▶ [RECORDS FOR THIS TASK]

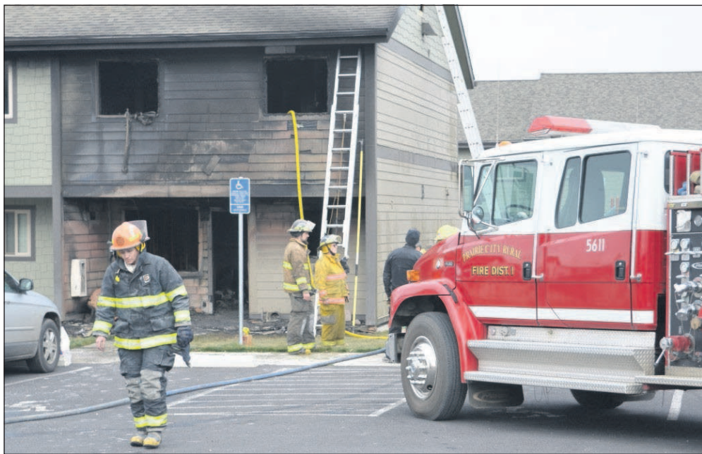
Two members of a family staying at the Strawberry Village apartment complex in Prairie City died in a fire Thursday.

pounding on the walls of her apartment about 2:40 a.m. while she lay in bed but didn't consider it unusual. Then she heard a very loud bang.
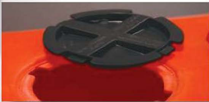
Large 8" fill hole speeds filling process, includes twist-lock plastic cap
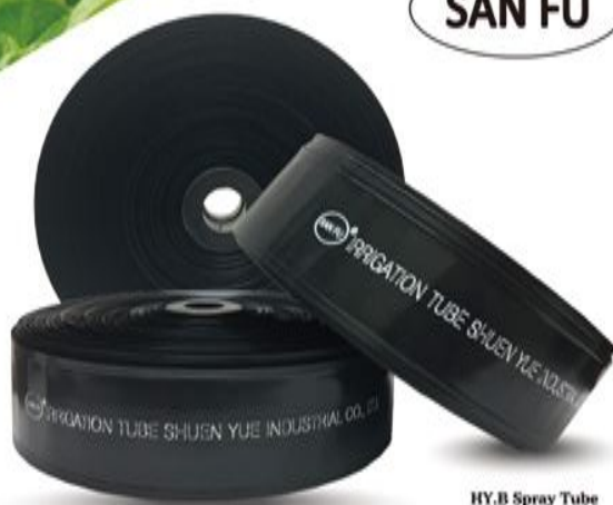
HY.B Spray Tube
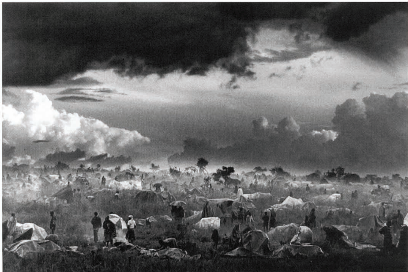
THE FIRST DAY OF INSTALLATION OF THE CAMP OF BENAKO FOR THE RWANDAN TUTSI AND HUTU REFUGEES. TANZANIA - 1994

its rawest form, individualism remains a prescription for catastrophe. We have to create a new regimen of coexistence."
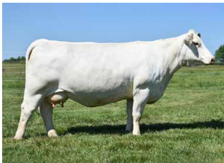
M&M SAVANNA 9009 PLD ET ONE OF THE TOP LOTS IN THE 2019 SALE OF EXCELLENCE
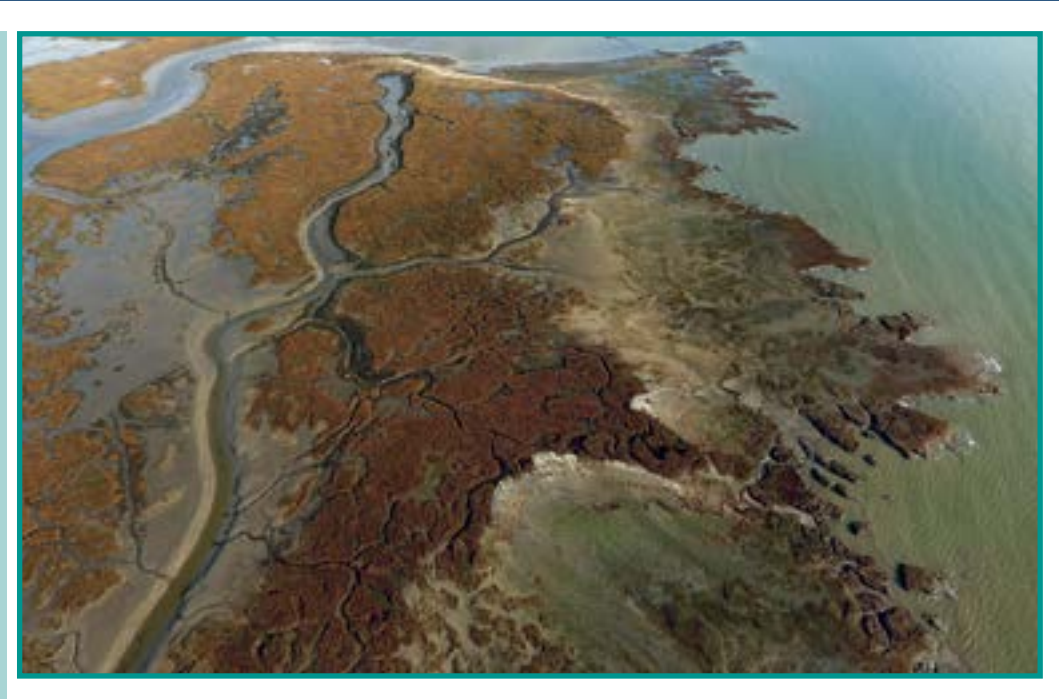
Lymington Marshes.

▶ [WHAT IS REQUIRED] For the word "apartment", show every line of the entries that holds it.

▶ [RESPONSE BELOW]
Two members of a family staying at the Strawberry Village apartment complex in Prairie City died in a fire Thursday.
pounding on the walls of her apartment about 2:40 a.m. while she lay in bed but didn't consider it unusual. Then she heard a very loud bang.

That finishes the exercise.